# Supplied information
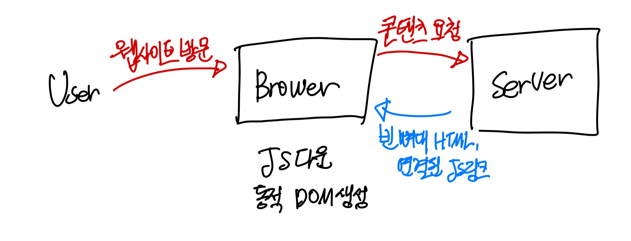 단점 : 처음에 HTML과 자바스크립트 파일이 모두 다운로드 되어야지만 웹페이지가 웹 브라우저에 그려져서 표현되기 때문에 처음 화면 로딩 속도에서 걸리는 단점이 있다. 그리고 빈 HTML파일을 받아온 상태에서 브라우저에서 동작하여 HTML을 구성하기 때문에 SEO측면에서 불리한 부분이 있다.
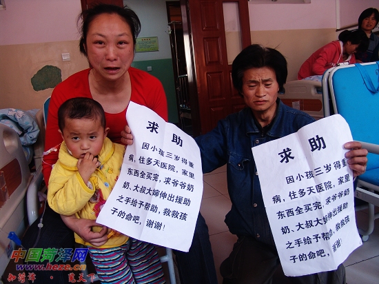 贫困夫妻靠拣破烂、跪讨为“大头儿”治病;医生、病人家属捐钱相助
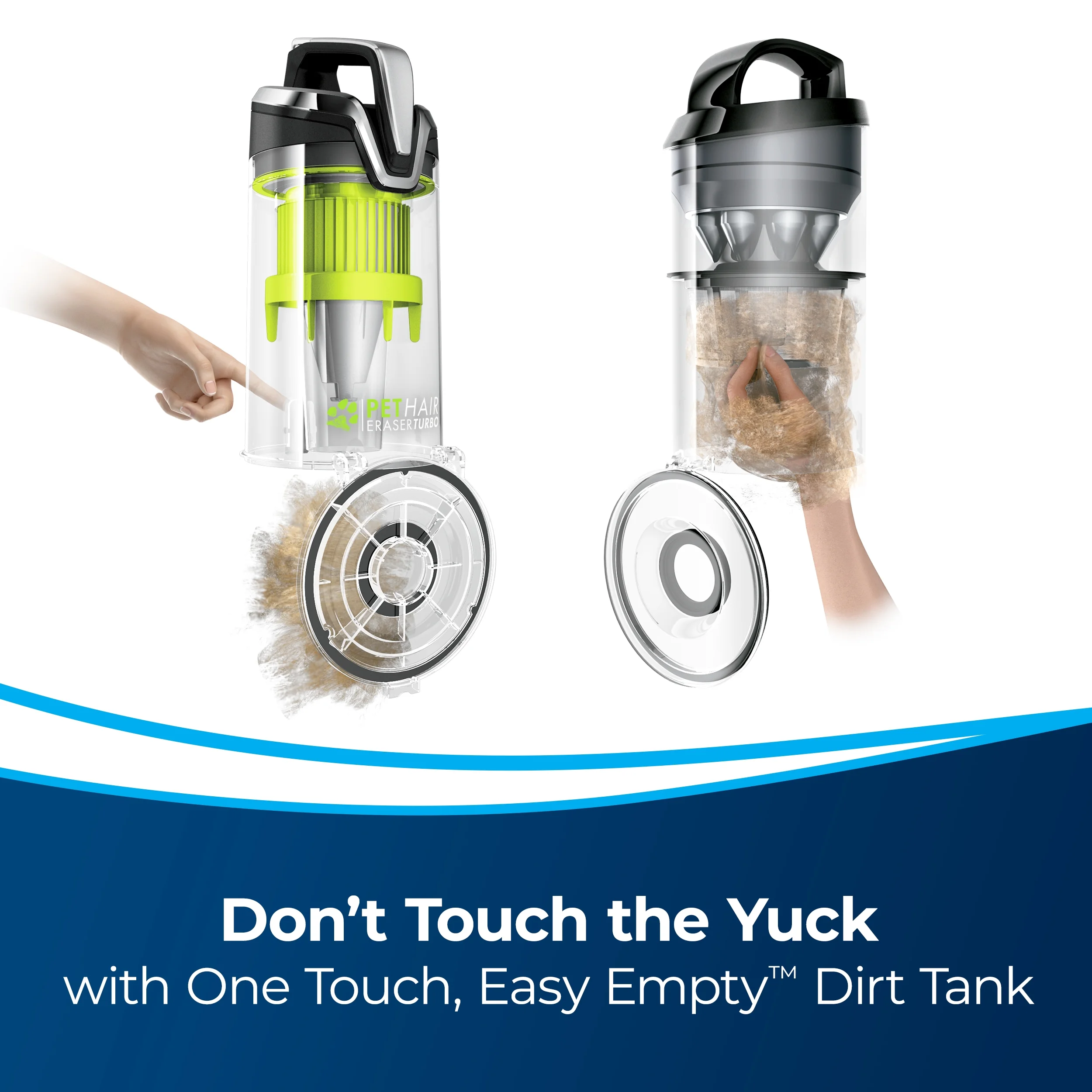- One-Touch, Easy Empty�?with Cyclonic Pet Hair Spooling System�?means you no longer have to touch the yuck.
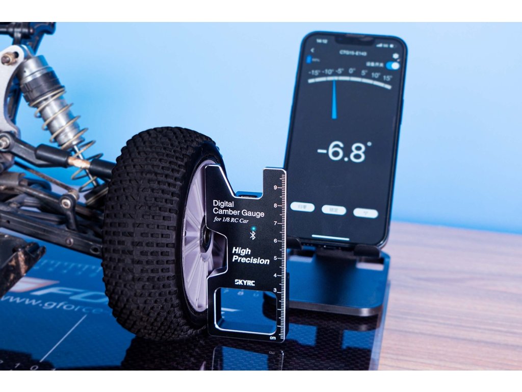 Digitální sklonoměr CTG-016 SkyRC je zařízení pro měření úhlů na kolech a nápravách modelů RC aut v měřítku 1:8. Velmi jednoduše, s vysokou přesností a rozlišením dokáže měřit příčný sklon kol, sbíhavost/rozbíhavost apod. S aplikaci RC Gears na smartphonu připojeném pomocí Bluetooth potom můžete úhly měřit a zobrazovat v grafické i digitální podobě.

# Try it
Leaving out the pictures, output the listing above exactly as given.

# Answer to the exercise
 단점 : 처음에 HTML과 자바스크립트 파일이 모두 다운로드 되어야지만 웹페이지가 웹 브라우저에 그려져서 표현되기 때문에 처음 화면 로딩 속도에서 걸리는 단점이 있다. 그리고 빈 HTML파일을 받아온 상태에서 브라우저에서 동작하여 HTML을 구성하기 때문에 SEO측면에서 불리한 부분이 있다.
 贫困夫妻靠拣破烂、跪讨为“大头儿”治病;医生、病人家属捐钱相助
- One-Touch, Easy Empty�?with Cyclonic Pet Hair Spooling System�?means you no longer have to touch the yuck.
 Digitální sklonoměr CTG-016 SkyRC je zařízení pro měření úhlů na kolech a nápravách modelů RC aut v měřítku 1:8. Velmi jednoduše, s vysokou přesností a rozlišením dokáže měřit příčný sklon kol, sbíhavost/rozbíhavost apod. S aplikaci RC Gears na smartphonu připojeném pomocí Bluetooth potom můžete úhly měřit a zobrazovat v grafické i digitální podobě.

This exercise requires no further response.